The old man looked surprised at the question.
“Why, yes, sir, I have only been here a month, but I have found Mr. Thompson a remarkably pleasant gentleman. He always passes the time of day with me and often stops for a word over the day’s news. An uncommonly nice man is Mr. Thompson. It has often crossed my mind to wonder why he stayed here, where there is no comfort to speak of for the likes of him.”
The inspector and Mr. Steadman wondered too, as they waited there, while no answer came to the former’s repeated knocking.
A room in No. 10 Brooklyn Terrace certainly seemed no fitting home for Amos Thompson with his handsome salary.
“We must get in somehow,” the inspector said to Mr. Steadman. Then he turned to the old man opposite who was watching them with frightened eyes. “Has anyone else a key to these rooms, a charwoman or anybody?”
The man shook his head.
“We all do for ourselves, here, sir. We don’t afford charwomen and such-like. As for getting in—well, I expect the landlord has keys. He is on the first floor. But I do not think he would open Mr. Thompson’s door without—”
“Is this landlord likely to be at home now?” the inspector interrupted.
“He is at home, sir. I saw him as I came upstairs.”
The inspector took out his card. “Will you show him this and say that Mr. Thompson cannot be found. He disappeared under peculiar circumstances yesterday and, since he is not here, we must enter his room to see wh
ether we can find any clue to his whereabouts.”

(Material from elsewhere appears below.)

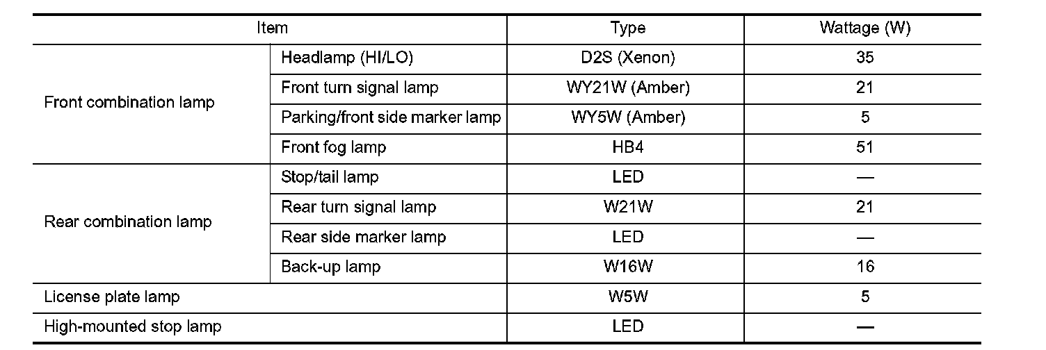 Bulb Specifications

The man visibly paled as he read the name on the card. Then he rapidly disappeared down the stairs. Mr. Steadman looked across at the inspector.
“Queer affair this! What the deuce does the fellow mean by putting up at a place like this?”
“Well, he isn’t extravagant in the living line!” the inspector said with a grin.
John Steadman raised his eyebrows. “Not here!”
At this moment the landlord arrived with the keys. Quite evidently his curiosity had been excited by the advent of the visitors to his lodger. Probably he had been expecting his summons. He held Inspector Furnival’s card in his hand.
“I understand I have no choice, gentlemen.”
“None!” the inspector said grimly.
The landlord made no further demur, but unlocking the door he flung it open and stood back. The others waited for a minute in the doorway and looked round. At first sight nothing could have been less likely to give away the occupier’s secrets than this room. It was quite a good size with a couple of windows, and a small bed in a recess with a curtain hung over it, an oil lamp stood before the fireplace. The floor was covered with linoleum, there was no carpet, not even a rug. A solid square oak table stood in the middle of the room and there were three equally solid-looking chairs. The only other piece of furniture in the room was a movable corner cupboard standing at the side of the window. The inspector went over and threw the door open. Inside there was a cup and saucer, a teapot and tea-caddy, a bottle of ink, and a book upon which the inspector immediately pounced. He went through it from end to end, he shook it, he banged it on the table; a post card fell from it; the inspector stared at it, then with a puzzled frown he handed it to Mr. Steadman. The barrister glanced at it curiously. On the back was a portrait of a girl—evidently the work of an amateur.
“Do you know who that is?” questioned the inspector.
Mr. Steadman shook his head. “It is no one that I have ever seen before. Do you mean that you do?”
“That is a likeness—very badly taken, I grant you—but an unmistakable likeness of Miss Hoyle, the late Mr. Bechcombe’s secretary.”